Hartford Institute Logo
Hartford Institute Site Map Hartford Seminary
 

Search:
Hartford Seminary
The Web

NEWS and NOTES
Vol. IV, No. 1


Research Summary:

The Church Attendance Gap:
A look at two older studies whose findings 
should be taken more seriously.

Two studies on church attendance performed in 1993 and 1996 by C. Kirk Hadaway and P.L. Marler demonstrate that committed church members tend to exaggerate the number of times they attend church. The studies attempt to address a mathematical conundrum. Year after year, 40 percent of Americans tell Gallup pollsters they attended church or synagogue in the past week. Yet church membership has remained flat while the population has grown. Hadaway and Marler decided to take a closer look to see if church members were misreporting the numbers.

In 1993, Hadaway, Marler and researcher Mark Chaves examined attendance at Protestant churches in one Ohio county and in 18 Roman Catholic dioceses across the country. Instead of 40 percent of Protestants attending church each week, they found 20 percent. Instead of the 50 percent of Catholics who say they attend church, they found 28 percent.

In response to criticism that researchers did not provide a direct connection between the date people reported their attendance and the date researchers counted them, another survey was devised. In this 1996 survey, researchers chose a 2,000-member middle-class, white evangelical church in the deep South. (They did not identify it by name.)

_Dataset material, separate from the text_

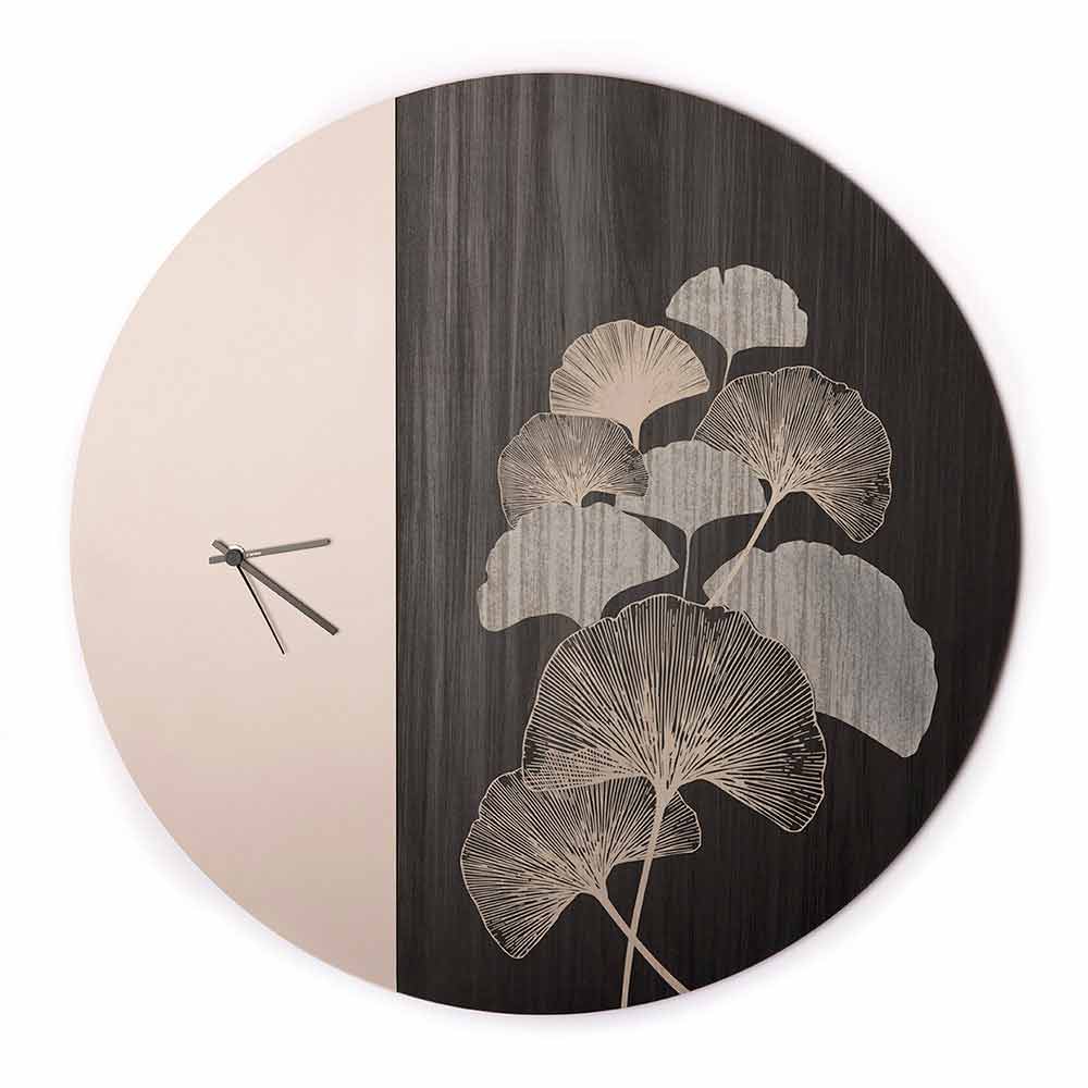 Drewniany zegar ścienny z dekoracją znakowaną laserowo, okrągły wzór w dwóch wykończeniach wyprodukowany we Włoszech.

This time, they posted researchers across the sanctuary to count heads and then interviewed a sample of 300 church members and asked them if they attended church that Sunday.

The results confirmed their thesis. Of the 300 people interviewed, 209 said they attended worship the previous Sunday, or about 70 percent. But if 70 percent of the members had indeed been at church, attendance should have been 1,710. In fact, it was 984. Researchers expected some misreporting, so they asked the 209 members who said they had been at church if they attended a worship service or some other type of church meeting. When asked in this way, 182 members said they participated in worship. But even that self-reported attendance total remains too high — at 61 percent. Had 61 percent of church members been at services there should have been 1,489 heads at worship and not 984.

Taking their study one step further, researchers attempted to identify misreporters by examining Sunday school rosters. Unlike church worship, Sunday school attendance is taken using pre-printed attendance forms that are checked off every week. Here too, 60 percent of those interviewed said they attended Sunday School. In fact, only 38 percent were actually seen in the classrooms.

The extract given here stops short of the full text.